Augusta sniggered. “If you wanted him to think that, you shouldn’t have let him offer for Ellie. She’s the least quiet and well-behaved of all your children.”

Mama’s chest swelled like that of an angry hen. “Be quiet, Augusta, unless you have something nice to say. I will not have you saying things like that about your sister. When Lord Broxbourne arrives, both you girls are to remain silent. Have I not told you often enough that children should be seen but not heard?”

Augusta dropped her gaze to her sewing. “Yes, Mama.” But she was not contrite.

“Am I to remain silent too?” Elenora asked.

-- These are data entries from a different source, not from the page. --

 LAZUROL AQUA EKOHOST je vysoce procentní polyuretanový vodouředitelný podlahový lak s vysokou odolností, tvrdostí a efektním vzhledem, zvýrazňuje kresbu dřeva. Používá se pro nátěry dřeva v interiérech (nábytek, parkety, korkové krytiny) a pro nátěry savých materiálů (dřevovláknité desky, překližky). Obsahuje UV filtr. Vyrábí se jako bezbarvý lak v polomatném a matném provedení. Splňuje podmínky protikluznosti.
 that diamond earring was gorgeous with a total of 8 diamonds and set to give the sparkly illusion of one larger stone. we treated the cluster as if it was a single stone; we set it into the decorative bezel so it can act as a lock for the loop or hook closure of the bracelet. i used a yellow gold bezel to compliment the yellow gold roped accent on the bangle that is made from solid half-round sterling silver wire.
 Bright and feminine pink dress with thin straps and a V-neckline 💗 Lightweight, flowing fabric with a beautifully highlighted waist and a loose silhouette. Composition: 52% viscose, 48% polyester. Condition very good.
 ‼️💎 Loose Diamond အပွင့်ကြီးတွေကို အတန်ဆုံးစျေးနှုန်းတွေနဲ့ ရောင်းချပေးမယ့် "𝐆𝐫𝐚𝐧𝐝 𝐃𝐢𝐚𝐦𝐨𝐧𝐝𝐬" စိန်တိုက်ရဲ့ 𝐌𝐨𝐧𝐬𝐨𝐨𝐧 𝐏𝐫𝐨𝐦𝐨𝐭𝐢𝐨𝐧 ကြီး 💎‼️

Mama opened her mouth to make what looked as though might have been a tart reply, but the opening of the drawing room door cut her off. Papa came in, a little red in the face and nose, followed by Lord Broxbourne.

Elenora took a good look at her betrothed, having managed to forget his precise appearance overnight, trying to see him through the eyes of her two silent sisters. Yes, he was no longer in the first flush of his youth, like Jolyon and Matthew, but he had about him an air of maturity that wasn’t displeasing. Tall, lean, broad-shouldered, well-dressed, and even rather handsome. Well, very handsome in a devilish way, as had been mentioned earlier. For just a moment, she forgot that theirs was a pretend engagement and she wasn’t weighing him up as a prospective husband, and almost thought she liked the looks of him. But that was far too silly for words.

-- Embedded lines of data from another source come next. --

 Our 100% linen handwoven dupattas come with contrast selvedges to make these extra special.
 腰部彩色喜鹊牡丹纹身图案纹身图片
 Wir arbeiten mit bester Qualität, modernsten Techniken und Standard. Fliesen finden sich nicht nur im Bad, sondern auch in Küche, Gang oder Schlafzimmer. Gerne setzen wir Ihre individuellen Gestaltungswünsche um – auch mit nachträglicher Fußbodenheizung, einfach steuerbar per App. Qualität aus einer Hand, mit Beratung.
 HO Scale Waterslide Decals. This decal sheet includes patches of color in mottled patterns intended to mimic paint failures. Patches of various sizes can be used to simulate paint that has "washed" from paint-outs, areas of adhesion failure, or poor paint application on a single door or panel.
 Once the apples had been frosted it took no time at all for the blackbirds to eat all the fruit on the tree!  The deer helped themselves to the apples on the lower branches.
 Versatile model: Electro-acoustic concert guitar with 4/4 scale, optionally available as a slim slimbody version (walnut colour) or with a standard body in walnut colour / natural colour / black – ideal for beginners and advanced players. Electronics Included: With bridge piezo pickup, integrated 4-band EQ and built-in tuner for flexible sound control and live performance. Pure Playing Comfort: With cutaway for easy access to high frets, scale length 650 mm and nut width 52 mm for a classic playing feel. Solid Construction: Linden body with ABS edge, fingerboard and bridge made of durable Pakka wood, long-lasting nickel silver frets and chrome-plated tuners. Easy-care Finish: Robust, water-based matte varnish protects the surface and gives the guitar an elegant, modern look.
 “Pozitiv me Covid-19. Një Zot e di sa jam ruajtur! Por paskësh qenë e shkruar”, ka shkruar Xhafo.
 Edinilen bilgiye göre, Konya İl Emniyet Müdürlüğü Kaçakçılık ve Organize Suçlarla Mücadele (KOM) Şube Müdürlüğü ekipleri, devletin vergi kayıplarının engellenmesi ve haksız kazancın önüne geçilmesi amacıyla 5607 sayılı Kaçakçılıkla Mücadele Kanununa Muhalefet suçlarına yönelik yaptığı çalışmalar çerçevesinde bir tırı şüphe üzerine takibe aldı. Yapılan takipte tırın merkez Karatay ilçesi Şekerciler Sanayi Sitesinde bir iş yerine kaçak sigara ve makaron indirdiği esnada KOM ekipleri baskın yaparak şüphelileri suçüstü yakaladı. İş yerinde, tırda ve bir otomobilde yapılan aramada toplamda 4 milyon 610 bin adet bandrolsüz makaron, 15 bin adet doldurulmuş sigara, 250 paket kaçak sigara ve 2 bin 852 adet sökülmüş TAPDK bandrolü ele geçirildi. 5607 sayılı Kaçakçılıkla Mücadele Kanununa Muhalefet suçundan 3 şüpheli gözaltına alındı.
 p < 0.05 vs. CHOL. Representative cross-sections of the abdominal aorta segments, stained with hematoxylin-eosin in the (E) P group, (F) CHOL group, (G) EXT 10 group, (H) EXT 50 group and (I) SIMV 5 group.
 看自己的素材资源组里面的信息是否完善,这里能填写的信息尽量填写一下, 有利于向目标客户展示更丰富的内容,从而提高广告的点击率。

Lord Broxbourne made an elegant bow to Mama and Aunt Penelope. “Lady Wetherby, Lady Dandridge, how charming you ladies look, and how industriously occupied you and your charming daughters are.” Mama’s plan had worked. Just for a moment, Elenora remembered how well he’d effected the repair on her gown and wondered how he’d learned to sew so well. That skill seemed very much at odds with being a rake.

He turned to Elenora and made another bow. “Miss Wetherby, what an… exquisite gown.” A twinkle of mischief shone in his eyes.

Elenora bit her lip trying not to chuckle, as she was still wearing the old, dove-gray gown she’d insisted on donning earlier, while Augusta and Frances both had on the new ones Aunt Penelope had bought for them.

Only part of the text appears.